ACTIVITY: Beginning with the line of the entries below that holds "社員の「やらされ感」を払拭。" and ending with the line that holds "Conclusion: B canis", transcribe each line exactly as written. Pictures stay out.

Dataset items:
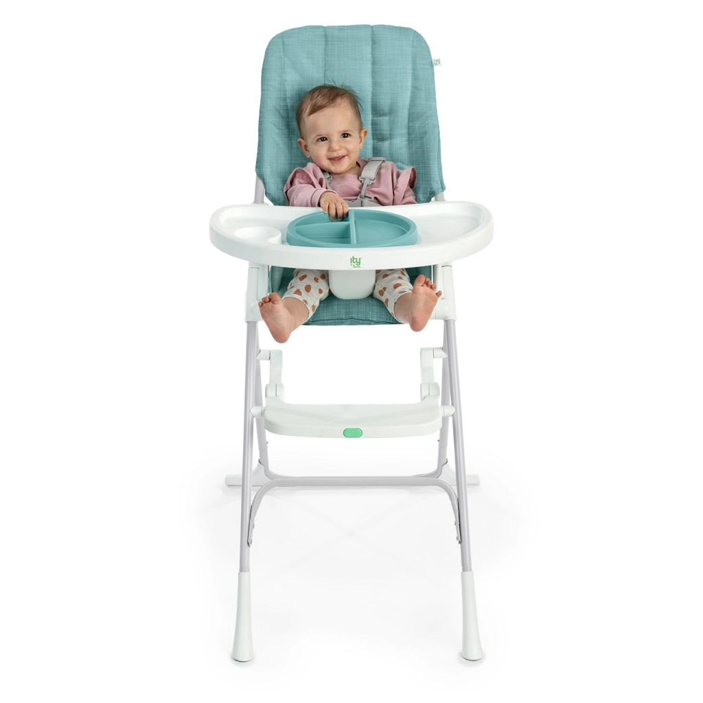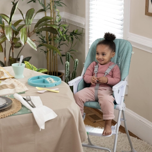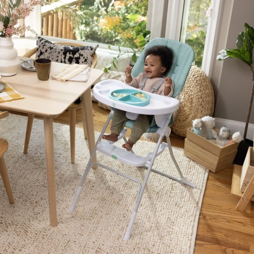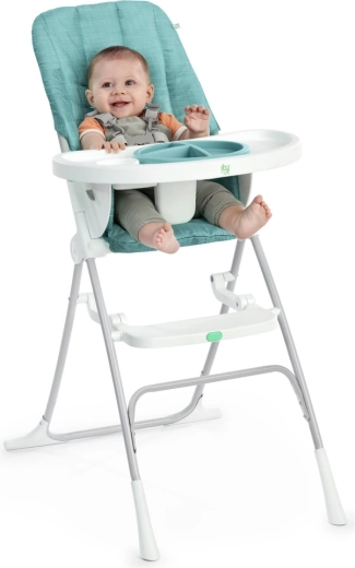 Kompaktná a ľahká jedálenská stolička INGENUITY Sun Valley šetrí miesto a zároveň poskytuje dieťaťu pohodlné a bezpečné stolovanie. Vďaka plochému skladaniu sama stojí, má odnímateľný a umývateľný poťah, 5-bodový bezpečnostný pás a unikátny trojkomorový tanier Twist & Dine s aretáciou a možnosťou ohrevu v mikrovlnke. Nastaviteľný pultík v 3 polohách a stabilná kovová konštrukcia zaistia komfort od 6 mesiacov do 15 kg.
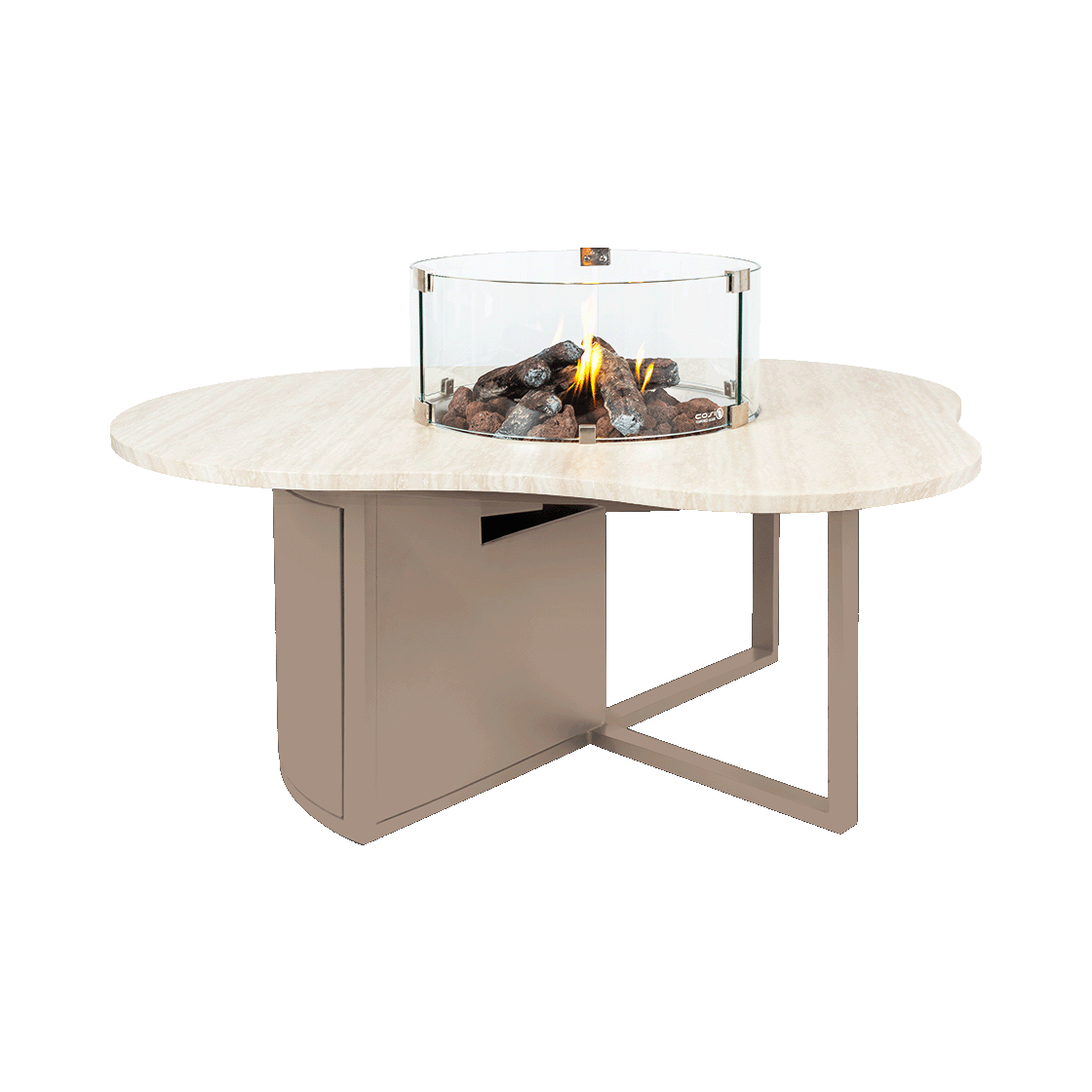 Der Cosiloft Novi in Sandbeige/Steinoptik ist ein eleganter Gas-Feuertisch mit einer einzigartigen, organisch geformten Tischplatte in luxuriöser Marmoroptik. Dieser Designer-Außenkamin verfügt über einen runden Einbrenner, der für gemütliche Wärme und ein schönes Flammenmuster sorgt.
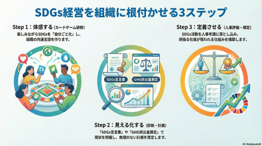 社員の「やらされ感」を払拭。楽しみながらSDGsを「自分ごと化」し、組織の共通言語を作ります。
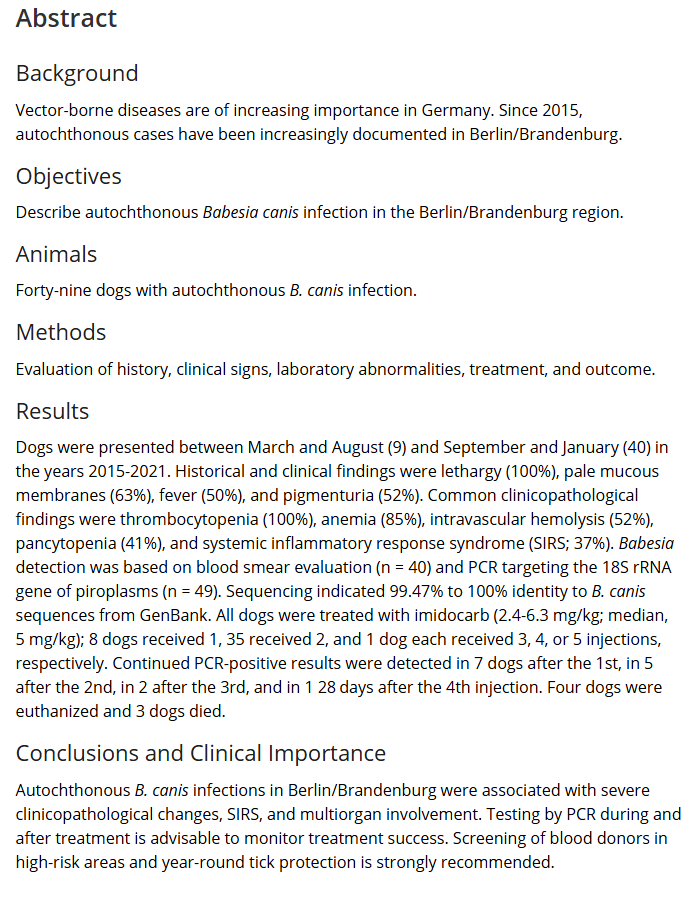 Conclusion: B canis in Berlin area is associated with severe clinicopathologic changes, SIRS and multi organ involvement
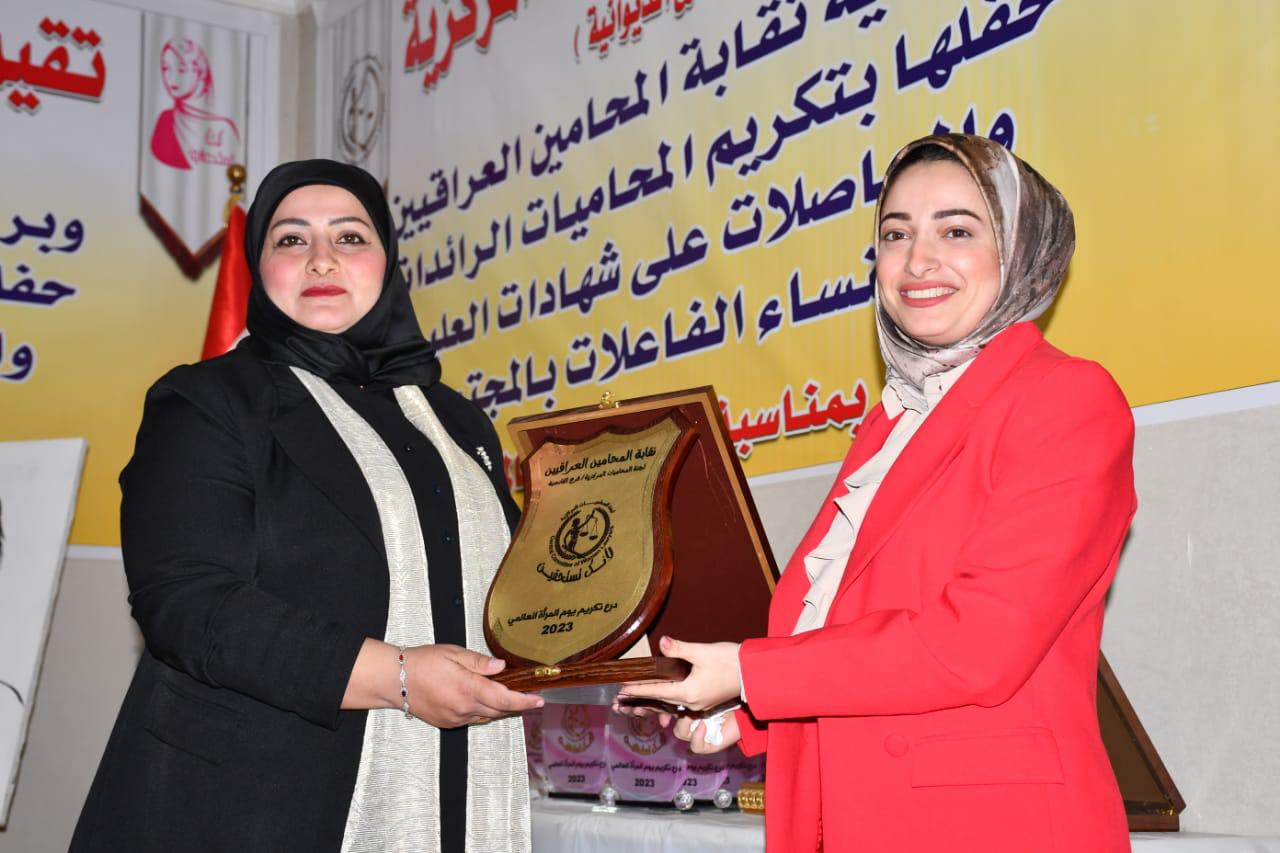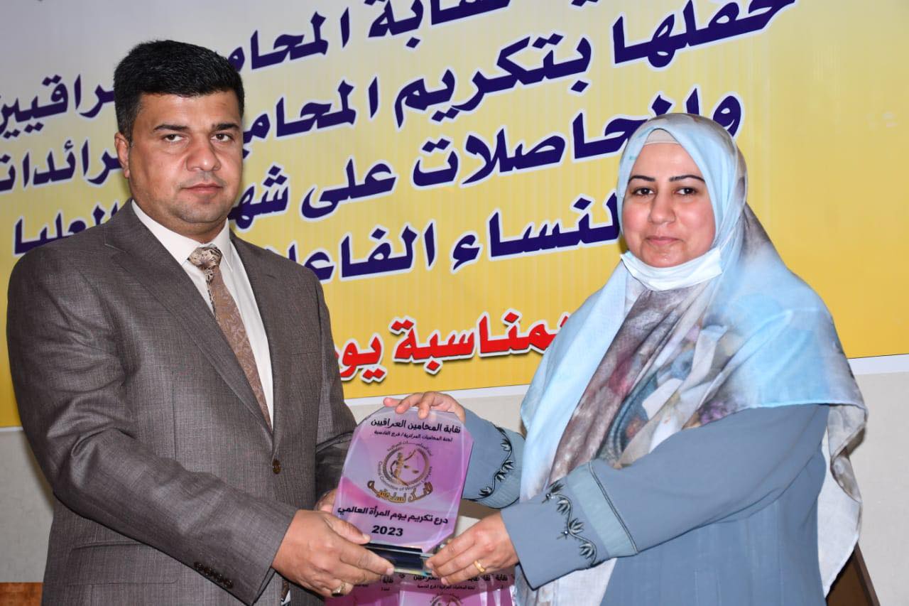 وثمن الشهد، الدور المهم الذي تقوم به المحامية في تعزيز العملية القضائية واحترام القوانين، فضلا عن مساهمتها الكبيرة في المجتمع المدني وتطويره”.
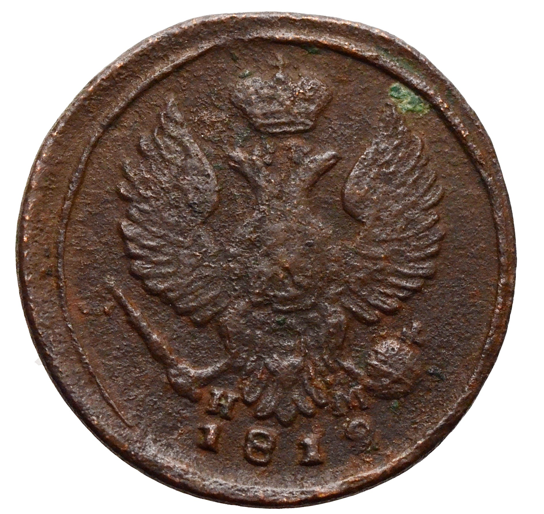 Аверс: по центру изображен Государственный Герб Российской империи - двуглавый орёл с поднятыми вверх распущенными крыльями. На головах которого две короны, а третья, большая над ними. На груди орла расположен Московский герб - щит с изображением Георгия Победоносца, поражающего копьем змея. В правой лапе орла – скипетр, в левой – держава. Под правой лапой – буква "Н", под левой – буква "М" - инициалы минцмейстера. Под инициалами год чеканки монеты: "1819".

WRITTEN ANSWER:
 社員の「やらされ感」を払拭。楽しみながらSDGsを「自分ごと化」し、組織の共通言語を作ります。
 Conclusion: B canis in Berlin area is associated with severe clinicopathologic changes, SIRS and multi organ involvement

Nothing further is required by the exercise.